Он находился здесь, и это происходило сейчас, и из всех возможных вариантов он мог выбрать – один, в котором он мог бы предотвратить сброс любой из атомных бомб где угодно, другой, в котором он мог бы поддержать просьбу Лео Силарда о демонстрационном взрыве, третий, в котором он отклонил бы предложение генерала Гровза возглавить этот чертов проект, – лишь это имело для него смысл, единственное из всего, чего он желал, что не вызвало бы расширяющейся ряби, приводящей к крупномасштабным изменениям в еще не наступившей истории, в том надвигающемся будущем, с которым он наконец заключил свой непростой мир: грядущее прошлое, которое, как он знал, должно было существовать.
Собравшись наконец с силами и настроившись, Оппи спешился и вышел из сферы. Машина должна была вернуться в исходную точку минут через двадцать с небольшим – максимум, чего удалось добиться с этим хилым прототипом со скромным запасом энергии. Что-то похожее на призрачное действие на расстоянии, которое так раздражало Эйнштейна, связывало машину с базовой станцией, которая будет построена в этом самом подвале в 1967 году, и вскоре это что-то перенесет аппарат обратно в то время. Он подумал, что старый друг Раби наверняка сразу догадался, что аппарат вернется пустым, но остальные, несомненно, будут потрясены.
Оппи медленно, останавливаясь на каждой ступеньке, выбрался по лестнице из подвала и, шаркая ногами, направился в комнату, где хранил минералогические коллекции, собранные в юности. Из шкафа он достал деревянную шкатулку с откидной застекленной крышкой, внутри которой имелось двадцать четыре маленьких отделения. Но в этой конкретной шкатулке с надписью «Поконо, сентябрь 1916 года» хранился всего двадцать один экземпляр, и именно это количество соответствовало строгим стандартам коллекционирования юного Роберта. Оппи сунул руку в карман и вытащил полупрозрачный зеленый шарик размером с крупную виноградину. Он положил его в один из пустых квадратиков, затем закрыл крышку и поставил шкатулку обратно в шкаф.

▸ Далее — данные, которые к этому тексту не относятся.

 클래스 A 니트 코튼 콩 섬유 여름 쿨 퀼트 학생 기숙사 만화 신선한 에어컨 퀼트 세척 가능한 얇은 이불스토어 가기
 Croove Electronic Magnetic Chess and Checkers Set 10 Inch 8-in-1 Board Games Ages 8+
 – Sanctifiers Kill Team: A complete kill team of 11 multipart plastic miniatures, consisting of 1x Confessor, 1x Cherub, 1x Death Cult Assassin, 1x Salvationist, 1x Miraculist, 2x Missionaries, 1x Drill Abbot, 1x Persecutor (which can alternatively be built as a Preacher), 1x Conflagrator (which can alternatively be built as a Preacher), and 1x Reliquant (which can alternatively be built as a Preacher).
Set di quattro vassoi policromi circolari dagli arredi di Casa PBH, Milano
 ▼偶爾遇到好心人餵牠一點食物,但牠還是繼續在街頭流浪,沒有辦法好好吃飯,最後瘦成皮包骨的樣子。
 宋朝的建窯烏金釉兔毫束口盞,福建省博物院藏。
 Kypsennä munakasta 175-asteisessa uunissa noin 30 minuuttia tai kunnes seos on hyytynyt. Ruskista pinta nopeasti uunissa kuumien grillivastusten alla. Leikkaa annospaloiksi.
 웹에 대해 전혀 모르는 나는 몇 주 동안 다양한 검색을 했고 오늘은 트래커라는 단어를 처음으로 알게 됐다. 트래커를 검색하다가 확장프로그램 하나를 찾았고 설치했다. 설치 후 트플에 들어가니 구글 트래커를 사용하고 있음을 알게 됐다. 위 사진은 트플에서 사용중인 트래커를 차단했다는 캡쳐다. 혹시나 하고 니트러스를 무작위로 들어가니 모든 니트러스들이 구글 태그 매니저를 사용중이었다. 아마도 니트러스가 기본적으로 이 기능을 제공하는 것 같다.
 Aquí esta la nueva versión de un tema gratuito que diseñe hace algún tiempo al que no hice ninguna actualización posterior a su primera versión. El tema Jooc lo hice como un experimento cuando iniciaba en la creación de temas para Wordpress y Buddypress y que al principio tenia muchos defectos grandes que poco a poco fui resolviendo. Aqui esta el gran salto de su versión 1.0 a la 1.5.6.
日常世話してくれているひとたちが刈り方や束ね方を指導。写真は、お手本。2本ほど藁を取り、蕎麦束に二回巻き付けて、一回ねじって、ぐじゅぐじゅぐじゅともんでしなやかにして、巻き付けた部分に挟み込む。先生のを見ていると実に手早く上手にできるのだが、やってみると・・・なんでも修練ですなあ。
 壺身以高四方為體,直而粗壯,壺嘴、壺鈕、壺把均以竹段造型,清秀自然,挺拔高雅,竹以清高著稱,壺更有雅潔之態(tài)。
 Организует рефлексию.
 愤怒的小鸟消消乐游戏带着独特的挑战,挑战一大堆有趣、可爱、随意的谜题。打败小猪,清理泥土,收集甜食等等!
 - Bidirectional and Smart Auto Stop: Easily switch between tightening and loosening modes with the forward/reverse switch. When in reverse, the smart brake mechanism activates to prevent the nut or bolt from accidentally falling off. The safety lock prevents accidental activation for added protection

Перед тем как Оппи отправился в прошлое, он и Фейнман взяли одну из шкатулок с минералами, все еще хранящихся в Игл-хилле, и убедились, что в нем именно двадцать один камешек. Теперь же – тогда, потом, в будущем, в 1967 году – когда Оппи не вернется, Дик еще раз проверит содержимое, и на сей раз найдет там кусочек тринитита, плавленого стекла, возникшего – или того, которому предстоит возникнуть – в результате взрыва «Тринити», через полтора года после того момента, в котором сейчас пребывал Роберт.
Каждый кусочек тринитита был уникален, содержал единственный в своем роде набор пузырьков и даже крошечные осколки самой плутониевой бомбы или ее опорной башни; один камешек никак нельзя было спутать с каким-либо другим. Зато когда Фейнман протестирует этот экземпляр, точное место сбора которого было однозначно задокументировано, то обнаружит, что его радиоактивный распад начался не двадцать два года назад, как следовало бы ожидать для тринитита в 1967 году, а сорок пять лет назад, из чего следует, что он дважды просуществовал период в половину сороковых годов, все пятидесятые и большую часть шестидесятых годов, тем самым доказав, что первое испытание машины времени с пассажиром-человеком прошло успешно.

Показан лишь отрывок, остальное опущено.